[v2,2/2] KVM: nSVM: improve SYSENTER emulation on AMD

Message ID	20210401111928.996871-3-mlevitsk@redhat.com (mailing list archive)
State	New, archived
Headers	show Return-Path: <kvm-owner@kernel.org> From: Maxim Levitsky <mlevitsk@redhat.com> To: kvm@vger.kernel.org Cc: Wanpeng Li <wanpengli@tencent.com>, Jim Mattson <jmattson@google.com>, Ingo Molnar <mingo@redhat.com>, linux-kernel@vger.kernel.org (open list:X86 ARCHITECTURE (32-BIT AND 64-BIT)), "H. Peter Anvin" <hpa@zytor.com>, Paolo Bonzini <pbonzini@redhat.com>, x86@kernel.org (maintainer:X86 ARCHITECTURE (32-BIT AND 64-BIT)), Thomas Gleixner <tglx@linutronix.de>, Borislav Petkov <bp@alien8.de>, Vitaly Kuznetsov <vkuznets@redhat.com>, Sean Christopherson <seanjc@google.com>, Joerg Roedel <joro@8bytes.org>, Maxim Levitsky <mlevitsk@redhat.com> Subject: [PATCH v2 2/2] KVM: nSVM: improve SYSENTER emulation on AMD Date: Thu, 1 Apr 2021 14:19:28 +0300 Message-Id: <20210401111928.996871-3-mlevitsk@redhat.com> In-Reply-To: <20210401111928.996871-1-mlevitsk@redhat.com> References: <20210401111928.996871-1-mlevitsk@redhat.com> MIME-Version: 1.0 Content-Transfer-Encoding: 8bit Precedence: bulk
Series	KVM: x86: nSVM: fixes for SYSENTER emulation \| expand [v2,0/2] KVM: x86: nSVM: fixes for SYSENTER emulation [v2,1/2] KVM: x86: add guest_cpuid_is_intel [v2,2/2] KVM: nSVM: improve SYSENTER emulation on AMD

Message ID

20210401111928.996871-3-mlevitsk@redhat.com (mailing list archive)

State

New, archived

Headers

From: Maxim Levitsky <mlevitsk@redhat.com>
To: kvm@vger.kernel.org
Cc: Wanpeng Li <wanpengli@tencent.com>,
        Jim Mattson <jmattson@google.com>,
        Ingo Molnar <mingo@redhat.com>,
        linux-kernel@vger.kernel.org (open list:X86 ARCHITECTURE (32-BIT AND
        64-BIT)), "H. Peter Anvin" <hpa@zytor.com>,
        Paolo Bonzini <pbonzini@redhat.com>,
        x86@kernel.org (maintainer:X86 ARCHITECTURE (32-BIT AND 64-BIT)),
        Thomas Gleixner <tglx@linutronix.de>,
        Borislav Petkov <bp@alien8.de>,
        Vitaly Kuznetsov <vkuznets@redhat.com>,
        Sean Christopherson <seanjc@google.com>,
        Joerg Roedel <joro@8bytes.org>,
        Maxim Levitsky <mlevitsk@redhat.com>
Subject: [PATCH v2 2/2] KVM: nSVM: improve SYSENTER emulation on AMD
Date: Thu,  1 Apr 2021 14:19:28 +0300
Message-Id: <20210401111928.996871-3-mlevitsk@redhat.com>
In-Reply-To: <20210401111928.996871-1-mlevitsk@redhat.com>
References: <20210401111928.996871-1-mlevitsk@redhat.com>
MIME-Version: 1.0
Content-Transfer-Encoding: 8bit
Precedence: bulk

Series

KVM: x86: nSVM: fixes for SYSENTER emulation | expand

Commit Message

Maxim Levitsky April 1, 2021, 11:19 a.m. UTC

Currently to support Intel->AMD migration, if CPU vendor is GenuineIntel,
we emulate the full 64 value for MSR_IA32_SYSENTER_{EIP|ESP}
msrs, and we also emulate the sysenter/sysexit instruction in long mode.
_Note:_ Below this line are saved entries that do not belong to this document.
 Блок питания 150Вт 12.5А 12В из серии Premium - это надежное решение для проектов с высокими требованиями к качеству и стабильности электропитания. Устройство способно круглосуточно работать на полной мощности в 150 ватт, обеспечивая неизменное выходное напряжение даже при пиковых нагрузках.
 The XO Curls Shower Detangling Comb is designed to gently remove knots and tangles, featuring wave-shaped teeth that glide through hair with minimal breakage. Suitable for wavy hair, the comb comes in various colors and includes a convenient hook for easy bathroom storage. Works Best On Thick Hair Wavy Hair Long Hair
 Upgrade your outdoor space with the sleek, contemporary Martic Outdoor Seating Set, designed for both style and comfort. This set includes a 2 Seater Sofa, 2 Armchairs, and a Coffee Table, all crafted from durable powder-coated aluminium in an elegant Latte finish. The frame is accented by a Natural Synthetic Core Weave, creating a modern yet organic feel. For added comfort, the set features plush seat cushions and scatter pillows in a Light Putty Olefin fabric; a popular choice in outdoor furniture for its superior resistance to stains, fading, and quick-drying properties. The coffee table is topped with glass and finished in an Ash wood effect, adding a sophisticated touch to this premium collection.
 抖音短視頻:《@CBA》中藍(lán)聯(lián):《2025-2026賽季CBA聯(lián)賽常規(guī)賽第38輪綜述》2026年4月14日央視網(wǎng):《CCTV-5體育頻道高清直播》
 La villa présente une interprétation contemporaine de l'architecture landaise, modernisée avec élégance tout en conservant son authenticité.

(Emulator does still refuse to emulate sysenter in 64 bit mode, on the
ground that the code for that wasn't tested and likely has no users)

However when virtual vmload/vmsave is enabled, the vmload instruction will
update these 32 bit msrs without triggering their msr intercept,
which will lead to having stale values in kvm's shadow copy of these msrs,
which relies on the intercept to be up to date.

Fix/optimize this by doing the following:

1. Enable the MSR intercepts for SYSENTER MSRs iff vendor=GenuineIntel
   (This is both a tiny optimization and also ensures that in case
   the guest cpu vendor is AMD, the msrs will be 32 bit wide as
   AMD defined).

2. Store only high 32 bit part of these msrs on interception and combine
   it with hardware msr value on intercepted read/writes
   iff vendor=GenuineIntel.

3. Disable vmload/vmsave virtualization if vendor=GenuineIntel.
   (It is somewhat insane to set vendor=GenuineIntel and still enable
   SVM for the guest but well whatever).
   Then zero the high 32 bit parts when kvm intercepts and emulates vmload.

Thanks a lot to Paulo Bonzini for helping me with fixing this in the most
correct way.

This patch fixes nested migration of 32 bit nested guests, that was
broken because incorrect cached values of SYSENTER msrs were stored in
the migration stream if L1 changed these msrs with
vmload prior to L2 entry.

Signed-off-by: Maxim Levitsky <mlevitsk@redhat.com>
---
 arch/x86/kvm/svm/svm.c | 99 +++++++++++++++++++++++++++---------------
 arch/x86/kvm/svm/svm.h |  6 +--
 2 files changed, 68 insertions(+), 37 deletions(-)

Comments

Vitaly Kuznetsov April 1, 2021, 1:03 p.m. UTC | #1

Maxim Levitsky <mlevitsk@redhat.com> writes:

> Currently to support Intel->AMD migration, if CPU vendor is GenuineIntel,
> we emulate the full 64 value for MSR_IA32_SYSENTER_{EIP|ESP}
> msrs, and we also emulate the sysenter/sysexit instruction in long mode.
>
> (Emulator does still refuse to emulate sysenter in 64 bit mode, on the
> ground that the code for that wasn't tested and likely has no users)
>
> However when virtual vmload/vmsave is enabled, the vmload instruction will
> update these 32 bit msrs without triggering their msr intercept,
> which will lead to having stale values in kvm's shadow copy of these msrs,
> which relies on the intercept to be up to date.
>
> Fix/optimize this by doing the following:
>
> 1. Enable the MSR intercepts for SYSENTER MSRs iff vendor=GenuineIntel
>    (This is both a tiny optimization and also ensures that in case
>    the guest cpu vendor is AMD, the msrs will be 32 bit wide as
>    AMD defined).
>
> 2. Store only high 32 bit part of these msrs on interception and combine
>    it with hardware msr value on intercepted read/writes
>    iff vendor=GenuineIntel.
>
> 3. Disable vmload/vmsave virtualization if vendor=GenuineIntel.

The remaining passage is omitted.